## Record extracts
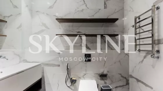 Апартаменты расположены на пятьдесят восьмом этаже, откуда открываются захватывающие виды на столицу.
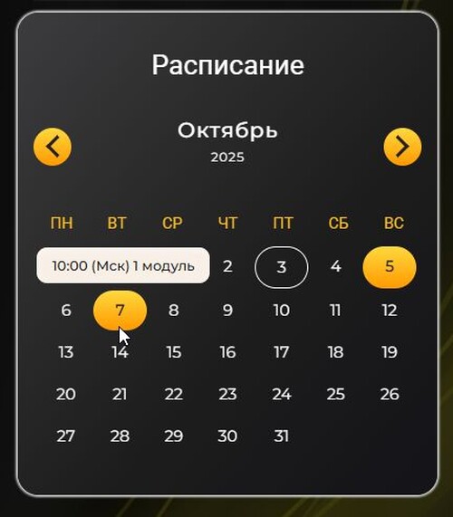 - Имеет фильтр отображения всего доступного расписания или тренинга в котором установлен. При использовании фильтра потягивается расписание начиная от тренинга в котором стоит календарь и всех его подтренингов.
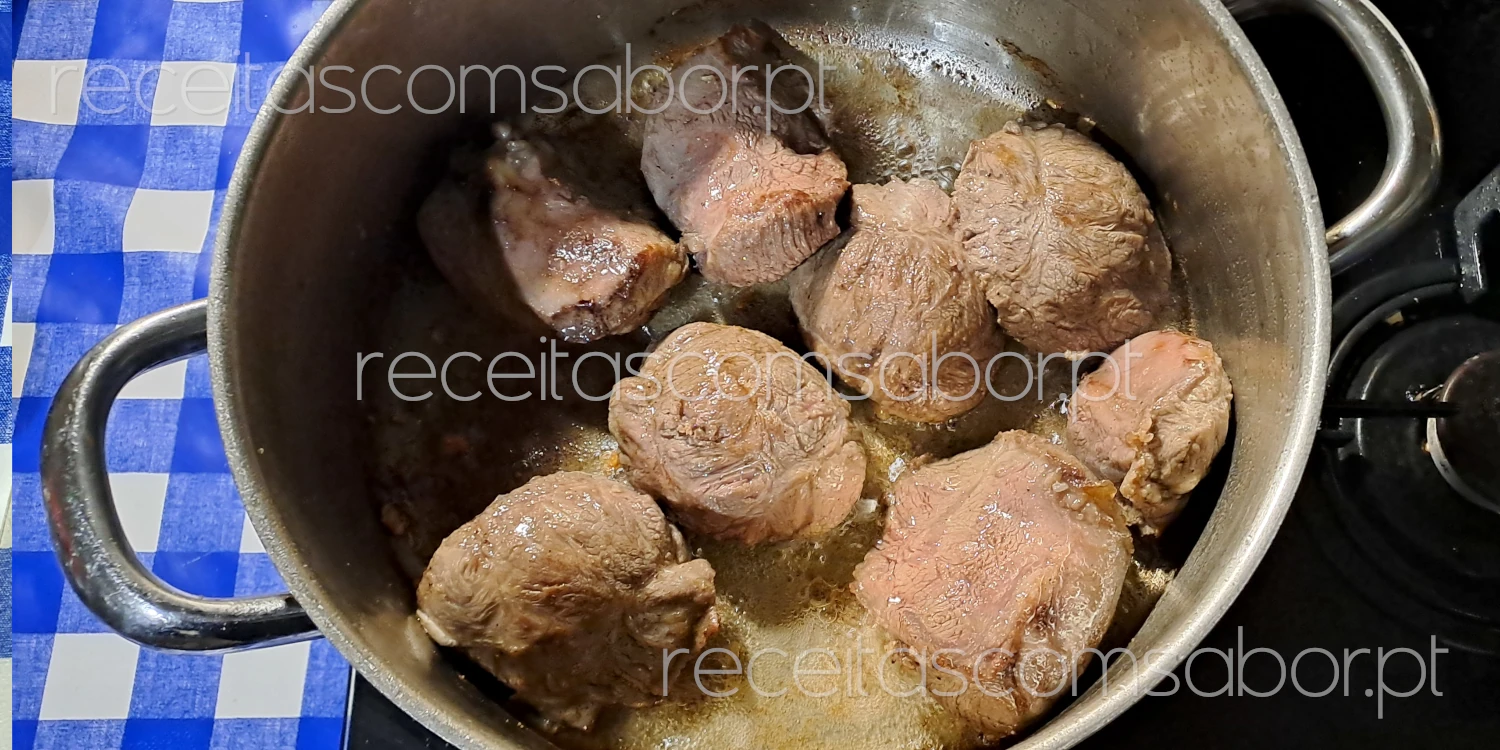 Numa tacho, aqueça o azeite e sele a carne. Adicione as bochechas e deixe dourar bem de todos os lados.
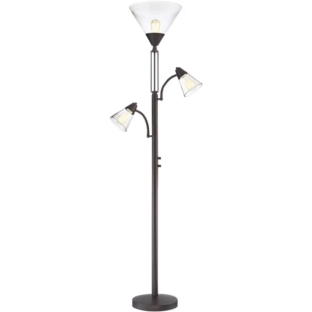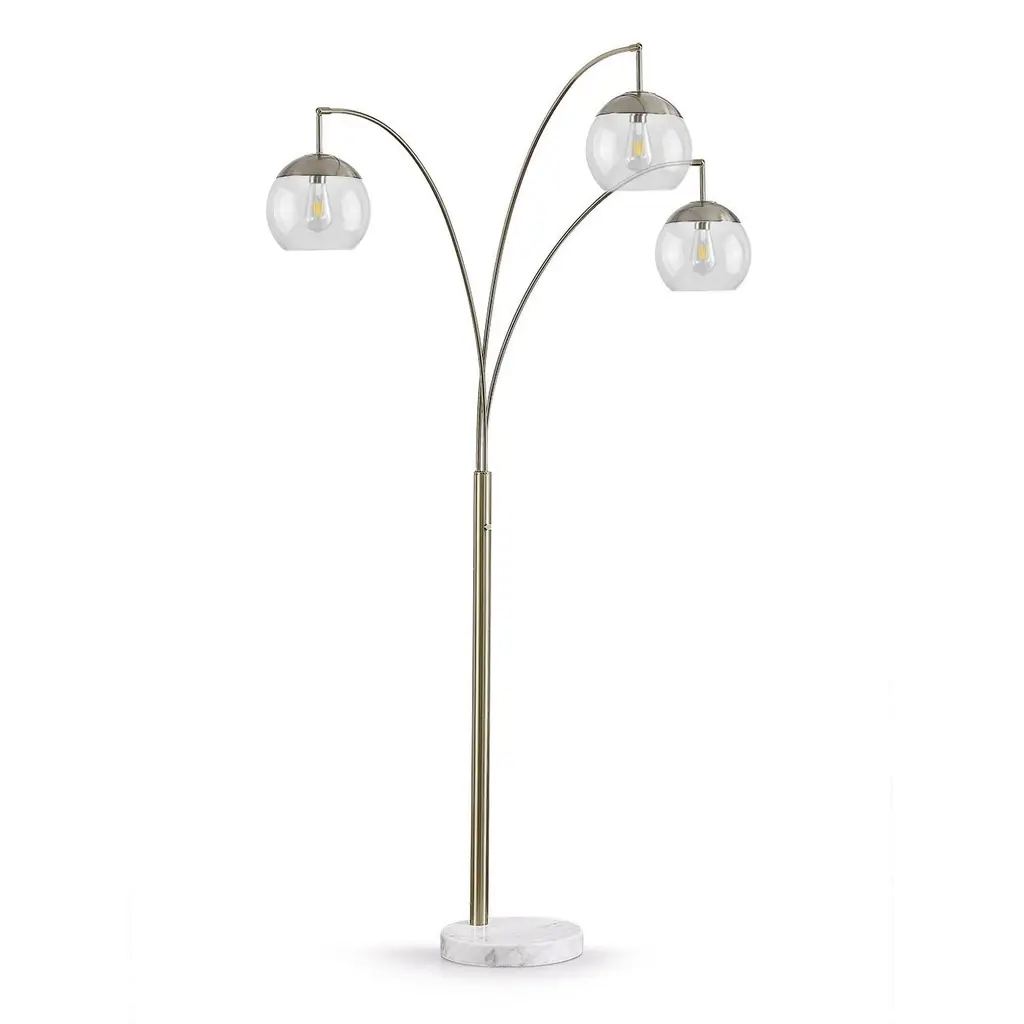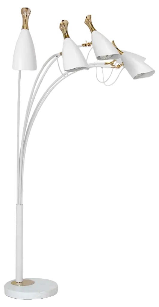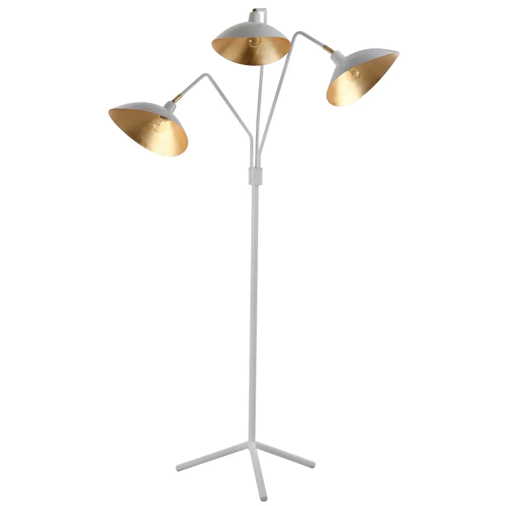 From the crisp white finish to the angled arms and curves of the gold-leaf-lined shades, this floor lamp is brimming with sophisticated, contemporary appeal.
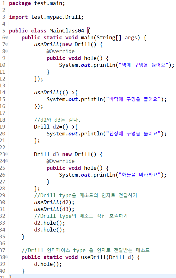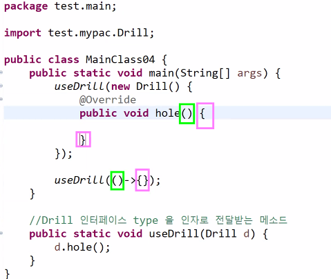 해당 코드와 같이 메소드의 인자로 전달하여 useDrill 메소드를 실행하여 hole 메소드를 실행하는 방법이 있으며
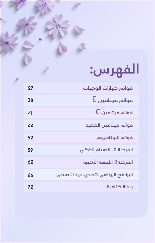 كتيب تحدي عيد الأضحى من سارة بوب فيت هو دليلكِ المتكامل لخسارة الوزن، شد الجسم، واستعادة نشاطكِ خلال أسابيع قليلة. صُمم الكتيب خصيصًا ليمنحكِ نتائج حقيقية بأسلوب بسيط، عملي، ومحفّز، دون الحاجة لأي معدات رياضية أو اشتراك بالنادي.
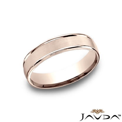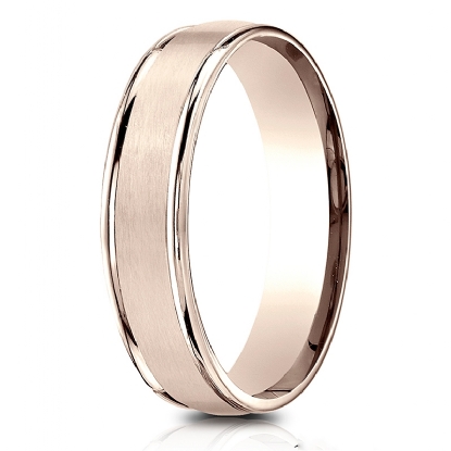 This modern unisex comfort fit carved wedding band features a satin finished along the center with high polished round edges. The classic 5mm width wedding ring is made from quality 14k Rose Gold and it is comfortable to wear everyday. This gold wedding band for men's and women's is long lasting. Available in white gold, yellow gold and rose gold.
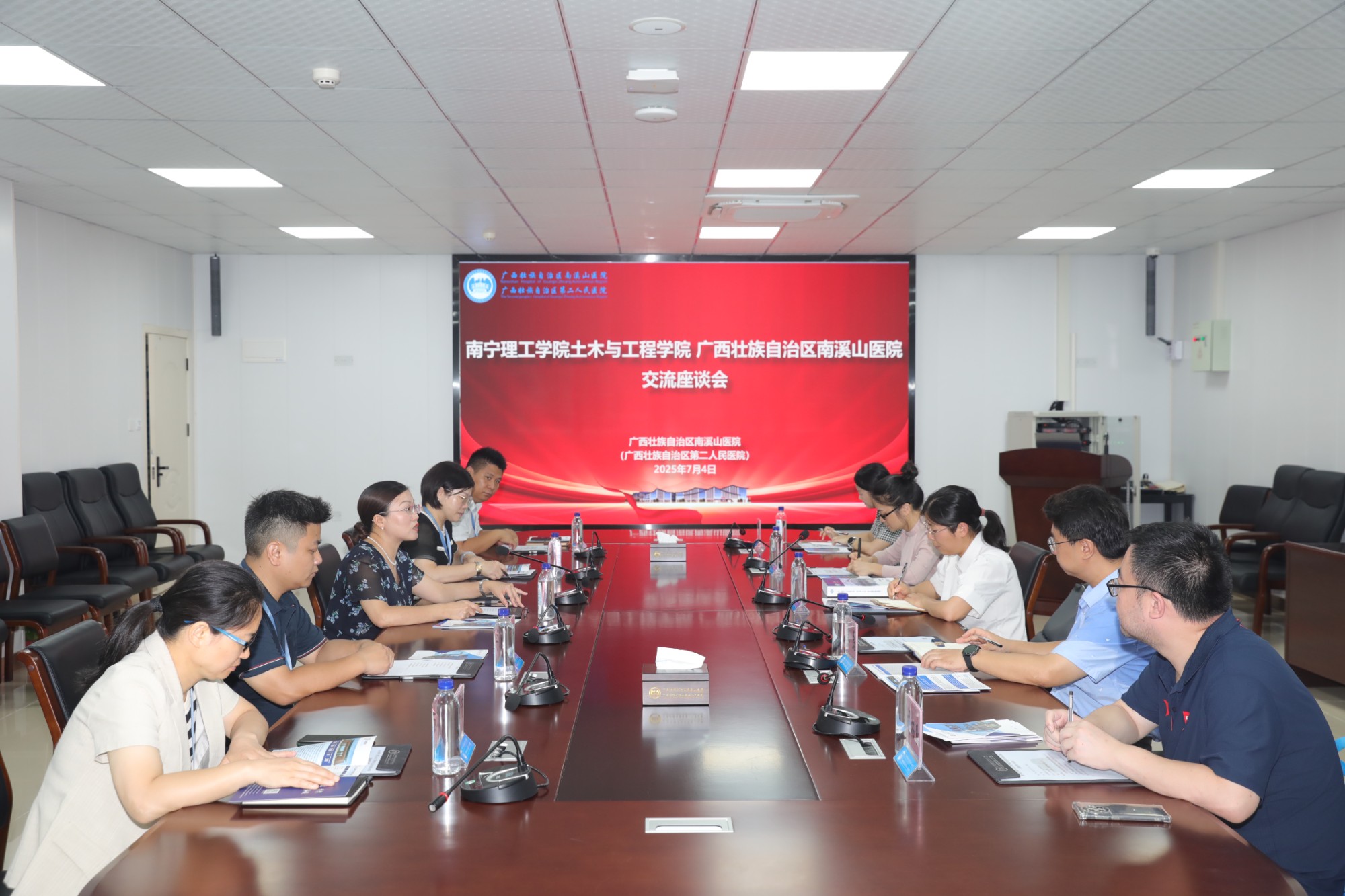 在座谈交流环节,双方人员聚焦党建联建、科研教学、人才培养等议题进行深入交流。此次交流为南宁理工学院土木工程学院与自治区南溪山医院未来的深度合作奠定了坚实基础。
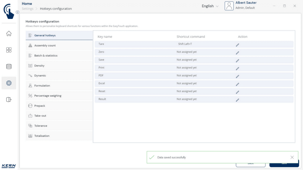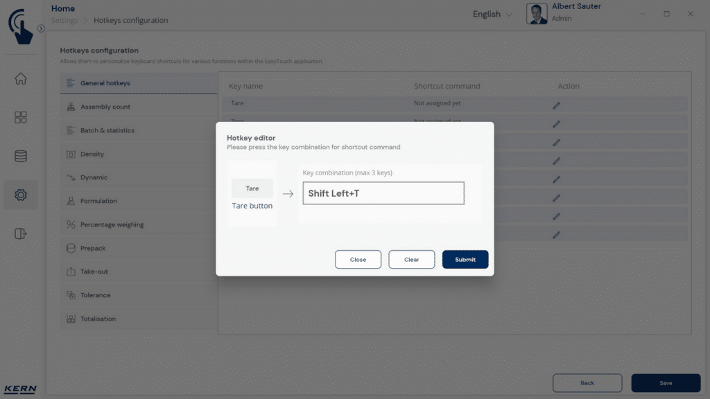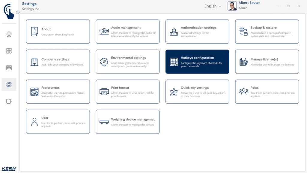 KERN Logiciel EasyTouch SET-311 Quick Key
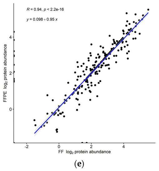 The physicochemical properties of the identified proteins extracted with Buffer 2 were evaluated in terms of molecular weight (MW) distribution, pI distribution, GRAVY scores, cellular localization, and K/R ratio. For both FF and FFPE tissues, the most abundant proteins are between 10 and 20 kDa mass range (Figure 4a). Proteins within the mass range 10–50 kDa had higher abundances in FFPE tissues compared to corresponding FF tissues. Further, as shown in Figure 4b, NSAF values were highest for proteins with pI values 5–6, followed by the proteins with a pI values of 6–7 and 8–9. Figure 4c shows the distribution of the identified proteins in terms of their GRAVY scores. The most abundant proteins were detected in the range −0.4 to −0.2 for both FF and FFPE tissue. FFPE samples contained a higher abundance of proteins in the range of −0.4 to 0 GRAVY score. The semi-quantitative distribution of the proteins was determined as their NSAF values according to their cellular localization (Figure 4d). Similar abundancies between the proteins were observed among FF and FFPE tissues, with proteins in the cytosol and nucleus having the highest abundance, while membrane proteins were slightly more abundant in FFPE samples which could be indication of good solubilization properties of Buffer 2. Cellular localization and NSAF values of the proteins identified in FF and FFPE tissues with Buffer 2 are shown in Supplementary Table S1. Moreover, further comparison showed good correlation of abundance of the proteins between FF and FFPE tissues (Figure 4e) which could indicate appropriateness of 4 μm FFPE tissues in this study.
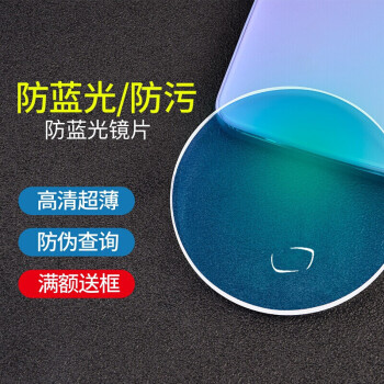 凯米1.74U6防蓝光镜片(可配近视100-1200,散光50-200;近视1225-1500,无散光),U6膜层(绿膜):创新防UV镜片,防紫外线性能(UV400)可达99%,另可以减少部分有害蓝光。
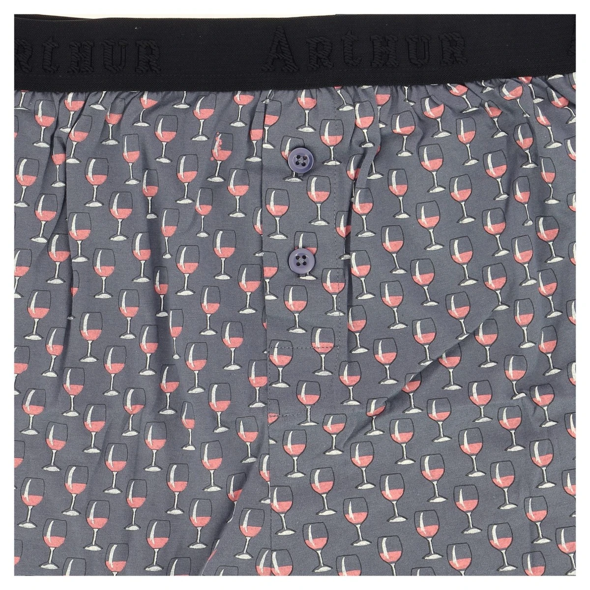 Caleçon homme ARTHUR, gris imprimé motif « verres ». En 100% coton jersey, doux et confortable. Ceinture élastiquée. Fermé par boutons. Sans suspensoir.
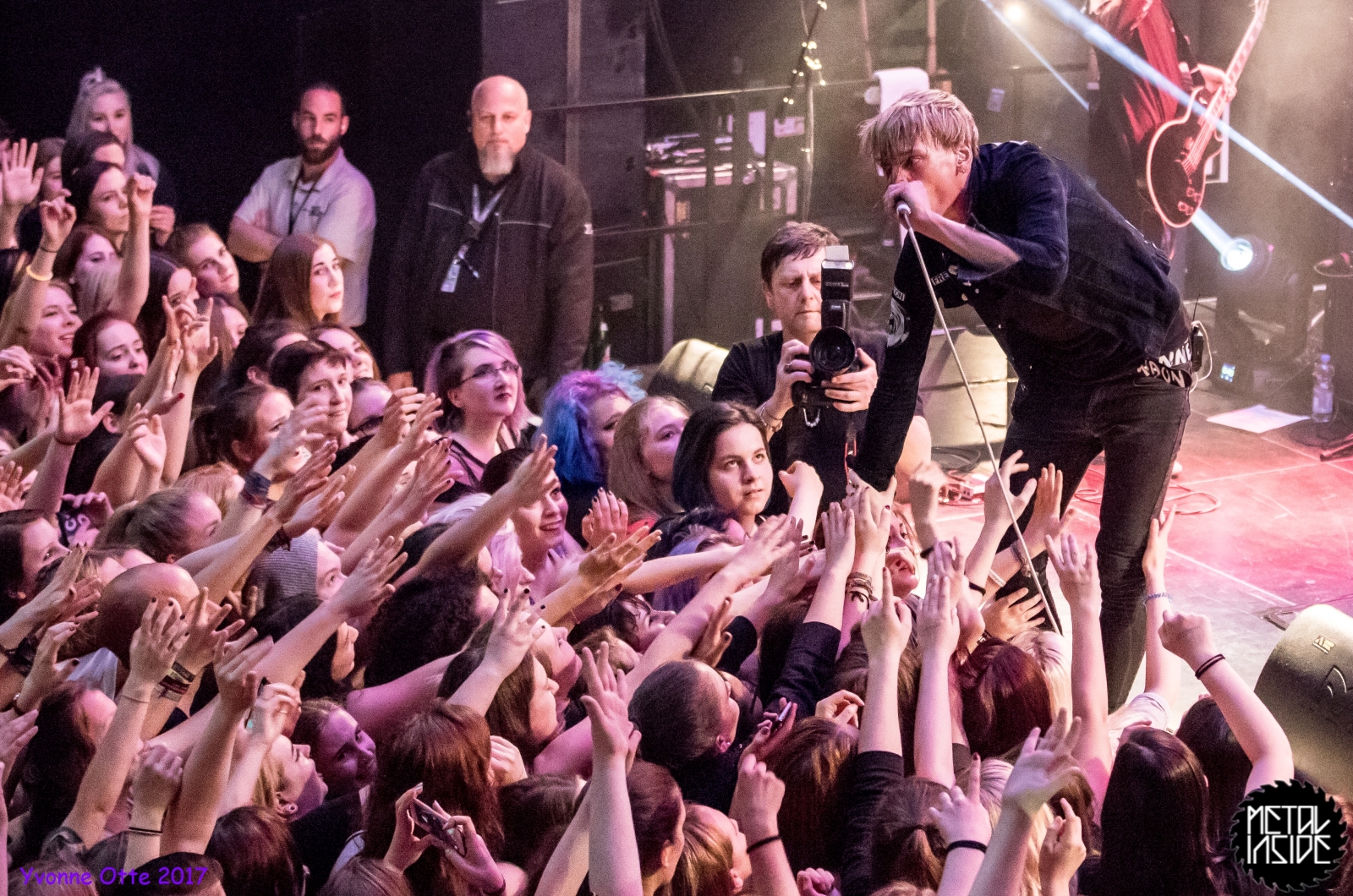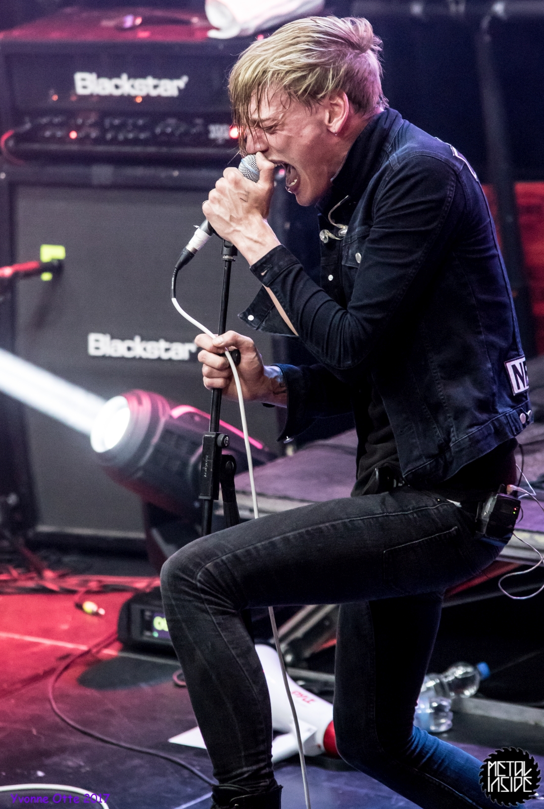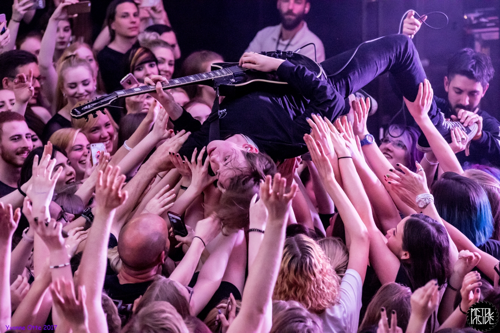 Es folgte ein kleiner Umbau, damit COUNTERFEIT auch genügend Platz auf der Bühne haben würden. Gegen 22 Uhr war es dann so weit: COUNTERFEIT betraten die Bühne! Das überwiegend weibliche Publikum kannte kein Halten mehr! Besser kann die Stimmung bei einen Konzert fast nicht sein. Kurz zuvor hatten COUNTERFEIT ihr Debut-Album „Together We Are Stronger“ veröffentlicht und die Fans kannten natürlich schon alle Texte! Auch wenn sehr viele Mädchen anwesend waren, an Circlepits hat es trotzdem nicht gemangelt! COUNTERFEIT machen eine einmalige Liveshow, die man kaum mit Worten schreiben kann, sondern wirklich erleben muss! Da wird mal eben der gesamte Innenraum geteilt, damit Sänger Jamie zur Hallenmitte gehen kann, um von dort einen Song zu spielen. Generell springen ständig Musiker in die Menge und lassen sich tragen. Oder Jamie klettert zu den Balkon hoch und singt von da den Song. Natürlich überall keine Security um ihn herum! Da muss schon Vertrauen da sein, dass nichts passiert. Natürlich sind alle Konzertbesucher friedlich, aber wir leben in einer Zeit, wo Kontrolle doch nicht so schlecht ist und man weiß nie, ob nicht doch jemand man austickt. Trotzdem Wahnsinn, dass so viel Vertrauen da ist! Bei COUNTERFEIT weiß man nie, was als nächstes passiert und das ist auch der Grund, warum die Fans die Show so sehr lieben.

## Work task
Above are entries with pictures among them. Write out exactly the lines from the one containing "This modern unisex" through the one containing "KERN Logiciel EasyTouch SET-311 Quick Key", ends included, and leave those pictures out.

## Response below
 This modern unisex comfort fit carved wedding band features a satin finished along the center with high polished round edges. The classic 5mm width wedding ring is made from quality 14k Rose Gold and it is comfortable to wear everyday. This gold wedding band for men's and women's is long lasting. Available in white gold, yellow gold and rose gold.
 在座谈交流环节,双方人员聚焦党建联建、科研教学、人才培养等议题进行深入交流。此次交流为南宁理工学院土木工程学院与自治区南溪山医院未来的深度合作奠定了坚实基础。
 KERN Logiciel EasyTouch SET-311 Quick Key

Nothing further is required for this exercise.